#### [TRY IT]
Line for line, return the data exactly, omitting all pictures.

[Data extracted from a collection]
#####

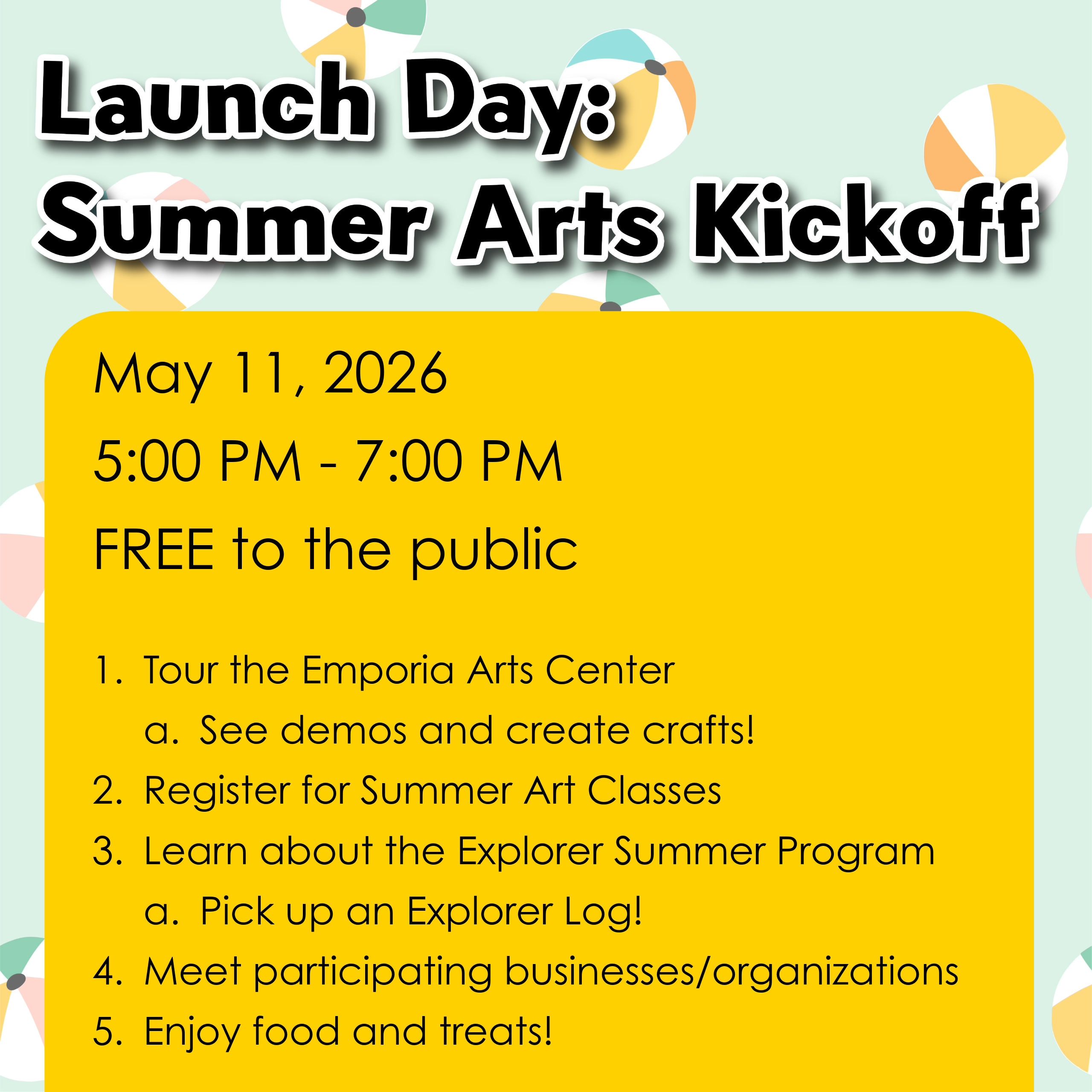 The Emporia Summer Explorers is a collaborative, community-wide initiative designed to encourage youth and families to explore arts, culture, and enrichment opportunities throughout the summer months. By partnering with local organizations, businesses, and cultural institutions, the program fosters creative engagement, increases access to the arts, and strengthens connections between families and community resources.
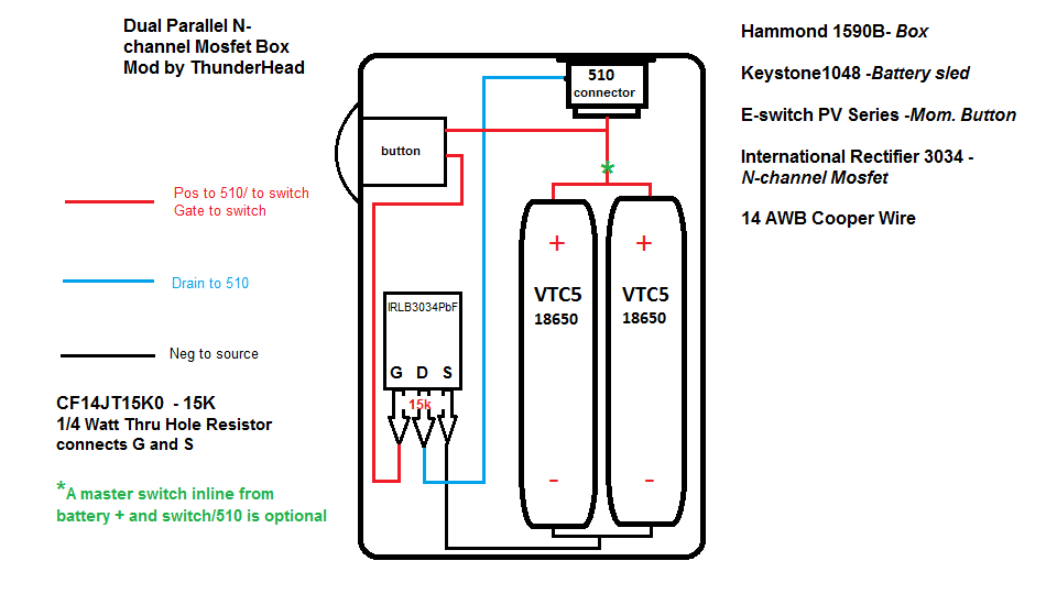 На этом изображении мы видим отличную схему – тут изнутри показана электронная сигарета своими руками. Здесь нужны всего лишь провода калибра 14 AWG Copper wire, 510-й коннектор, мосфет, кнопка и отсек под аккумуляторы. Все это можно достать, отправившись в магазин радиодеталей или заказав в интернет-магазине.
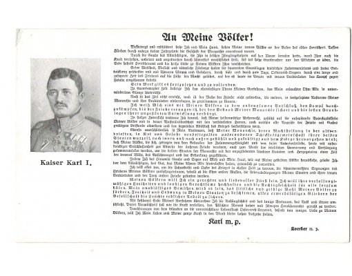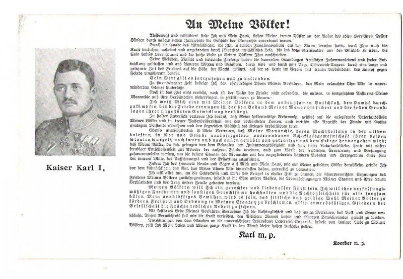 Postcard of emperor Karl I. with declaration
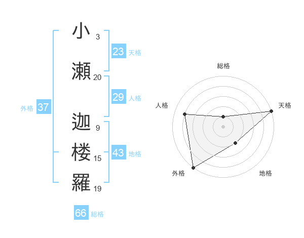 小瀬 迦楼羅さんを姓名の画数から五運を鑑定
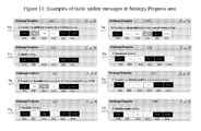 FIGS. 11A-11H show examples of tactic update messages in the strategy-progress area;
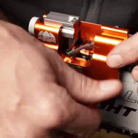 Tão fácil de usar quanto apontar um lápis, basta colocar o grampo na haste, posicionar a lingueta no dente, inserir a broca na manga guia e girar a alça.
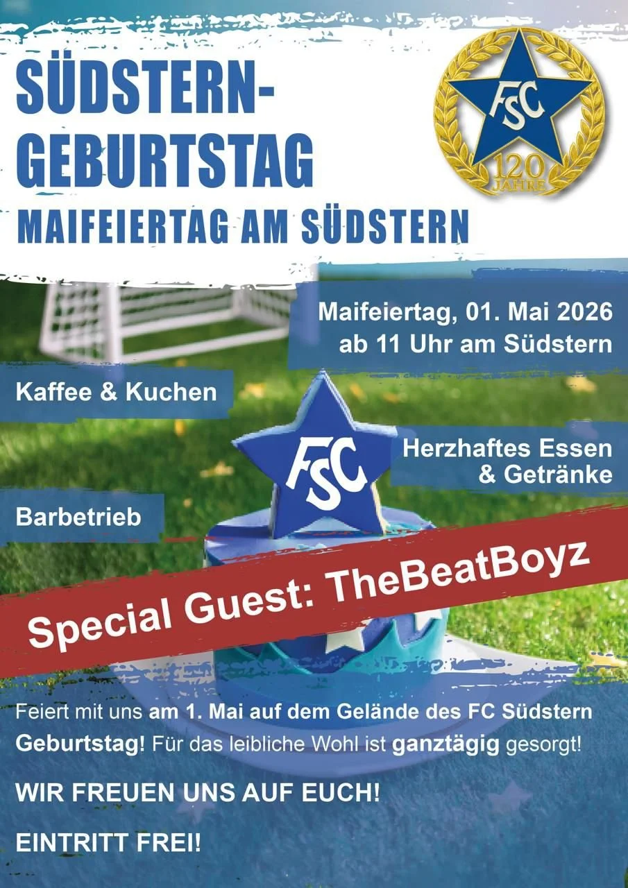 Kommt vorbei, bringt gute Laune mit und feiert mit uns 120 Jahre FC Südstern Karlsruhe – wir freuen uns auf euch!

#####

#### [RESPONSE BOX]
 The Emporia Summer Explorers is a collaborative, community-wide initiative designed to encourage youth and families to explore arts, culture, and enrichment opportunities throughout the summer months. By partnering with local organizations, businesses, and cultural institutions, the program fosters creative engagement, increases access to the arts, and strengthens connections between families and community resources.
 На этом изображении мы видим отличную схему – тут изнутри показана электронная сигарета своими руками. Здесь нужны всего лишь провода калибра 14 AWG Copper wire, 510-й коннектор, мосфет, кнопка и отсек под аккумуляторы. Все это можно достать, отправившись в магазин радиодеталей или заказав в интернет-магазине.
 Postcard of emperor Karl I. with declaration
 小瀬 迦楼羅さんを姓名の画数から五運を鑑定
 FIGS. 11A-11H show examples of tactic update messages in the strategy-progress area;
 Tão fácil de usar quanto apontar um lápis, basta colocar o grampo na haste, posicionar a lingueta no dente, inserir a broca na manga guia e girar a alça.
 Kommt vorbei, bringt gute Laune mit und feiert mit uns 120 Jahre FC Südstern Karlsruhe – wir freuen uns auf euch!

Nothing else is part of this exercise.